(Items from a data source)
#####

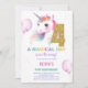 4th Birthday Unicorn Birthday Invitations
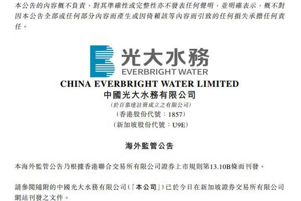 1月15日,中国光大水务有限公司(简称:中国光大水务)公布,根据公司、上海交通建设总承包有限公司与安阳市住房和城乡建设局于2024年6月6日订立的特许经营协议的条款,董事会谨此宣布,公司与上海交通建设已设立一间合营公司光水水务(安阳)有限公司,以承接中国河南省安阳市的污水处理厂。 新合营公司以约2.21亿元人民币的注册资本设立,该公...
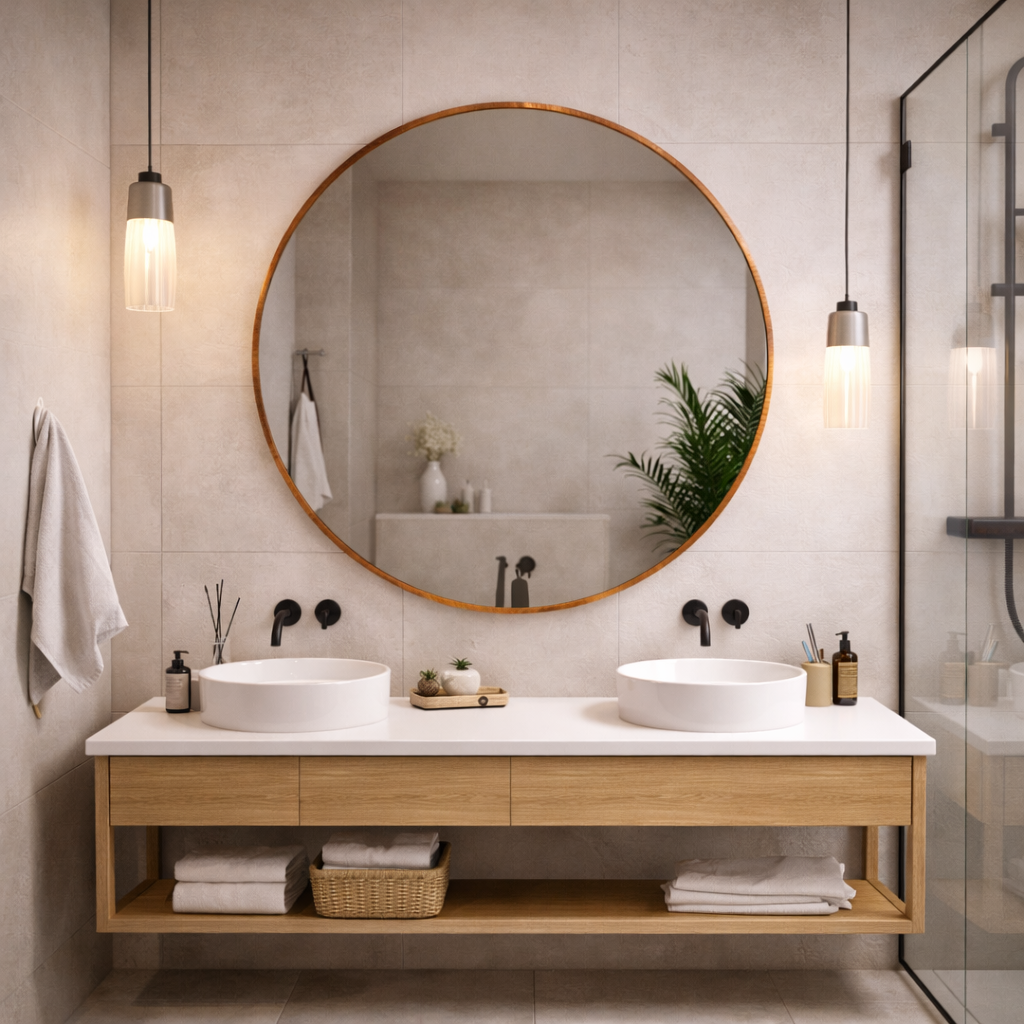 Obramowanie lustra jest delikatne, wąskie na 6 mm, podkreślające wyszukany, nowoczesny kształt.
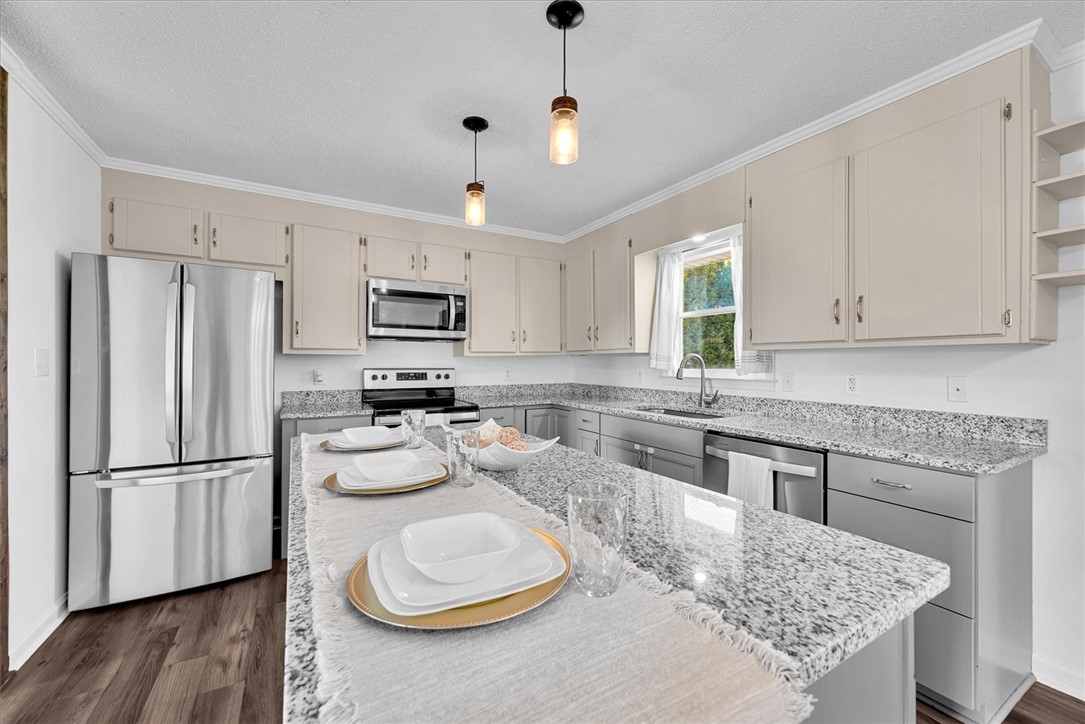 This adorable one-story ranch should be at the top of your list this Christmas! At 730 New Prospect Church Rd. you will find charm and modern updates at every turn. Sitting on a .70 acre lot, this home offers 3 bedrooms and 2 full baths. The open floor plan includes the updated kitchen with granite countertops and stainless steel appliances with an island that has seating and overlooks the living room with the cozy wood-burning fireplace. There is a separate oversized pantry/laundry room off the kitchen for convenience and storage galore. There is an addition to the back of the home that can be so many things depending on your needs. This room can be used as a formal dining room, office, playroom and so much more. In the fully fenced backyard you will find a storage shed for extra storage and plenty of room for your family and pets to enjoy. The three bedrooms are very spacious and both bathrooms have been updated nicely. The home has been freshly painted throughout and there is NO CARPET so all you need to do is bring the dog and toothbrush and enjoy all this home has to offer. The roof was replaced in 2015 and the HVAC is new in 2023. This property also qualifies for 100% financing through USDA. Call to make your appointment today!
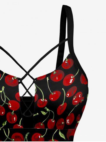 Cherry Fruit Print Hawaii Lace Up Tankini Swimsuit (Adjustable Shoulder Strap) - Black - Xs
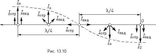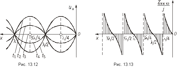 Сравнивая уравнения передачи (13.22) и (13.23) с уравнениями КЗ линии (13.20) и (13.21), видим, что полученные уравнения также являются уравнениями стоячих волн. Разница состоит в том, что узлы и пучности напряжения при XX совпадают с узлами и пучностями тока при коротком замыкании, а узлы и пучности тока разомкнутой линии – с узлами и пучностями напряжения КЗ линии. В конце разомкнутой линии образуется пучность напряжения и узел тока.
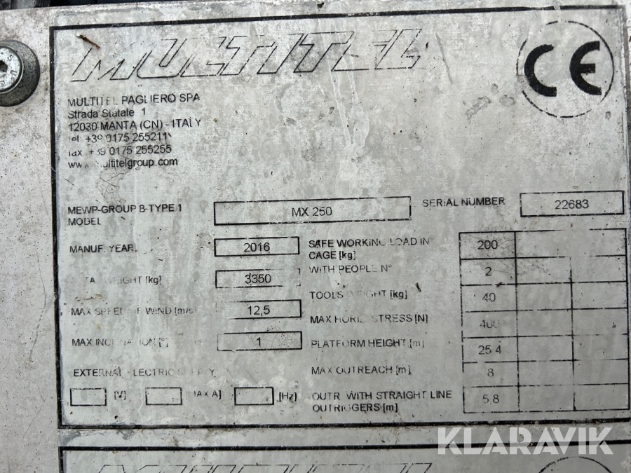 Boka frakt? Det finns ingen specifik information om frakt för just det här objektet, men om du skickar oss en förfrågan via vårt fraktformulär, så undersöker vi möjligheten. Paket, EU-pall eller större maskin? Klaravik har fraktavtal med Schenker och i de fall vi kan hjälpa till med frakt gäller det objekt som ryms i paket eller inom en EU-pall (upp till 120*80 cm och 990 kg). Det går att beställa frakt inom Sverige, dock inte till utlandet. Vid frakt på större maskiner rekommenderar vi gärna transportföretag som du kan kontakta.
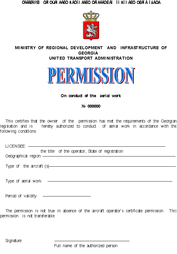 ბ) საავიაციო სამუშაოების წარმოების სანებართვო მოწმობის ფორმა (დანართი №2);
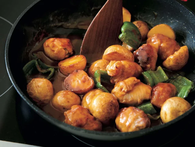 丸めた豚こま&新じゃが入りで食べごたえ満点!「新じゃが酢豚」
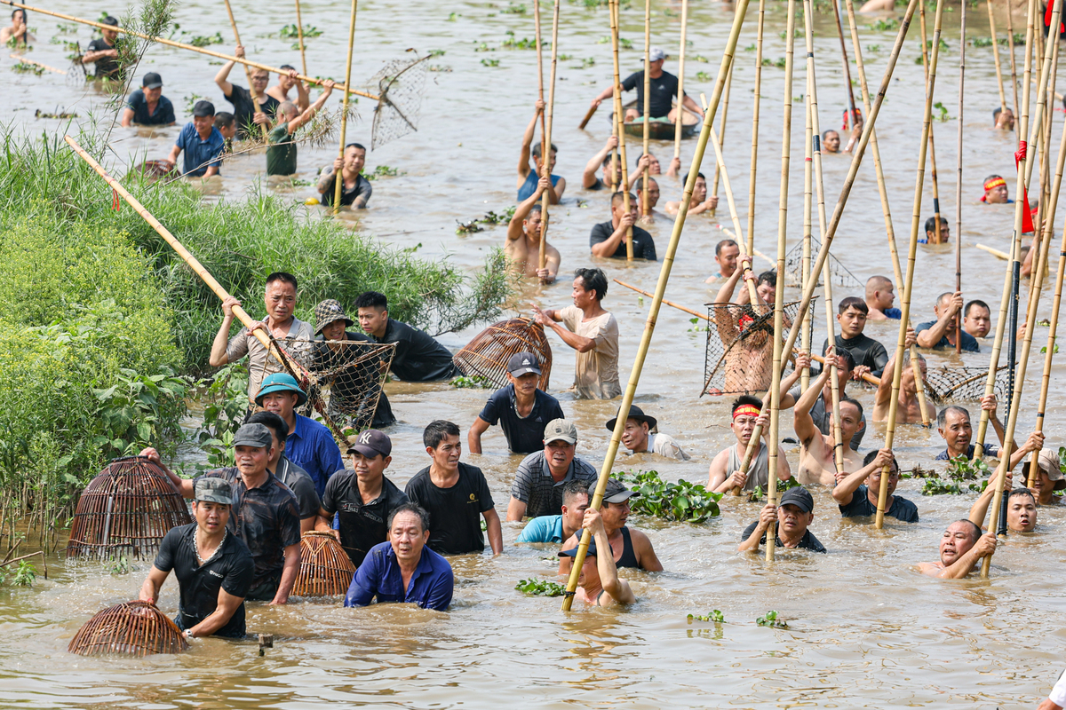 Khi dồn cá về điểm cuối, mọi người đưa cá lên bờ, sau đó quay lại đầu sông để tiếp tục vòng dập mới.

#####

TRY IT
Quote word for word only the lines above from the one containing "1月15日,中国光大水务有限" through the one containing "Obramowanie lustra jest". Pictures stay out of your copy.

ANSWER FOR THE TASK
 1月15日,中国光大水务有限公司(简称:中国光大水务)公布,根据公司、上海交通建设总承包有限公司与安阳市住房和城乡建设局于2024年6月6日订立的特许经营协议的条款,董事会谨此宣布,公司与上海交通建设已设立一间合营公司光水水务(安阳)有限公司,以承接中国河南省安阳市的污水处理厂。 新合营公司以约2.21亿元人民币的注册资本设立,该公...
 Obramowanie lustra jest delikatne, wąskie na 6 mm, podkreślające wyszukany, nowoczesny kształt.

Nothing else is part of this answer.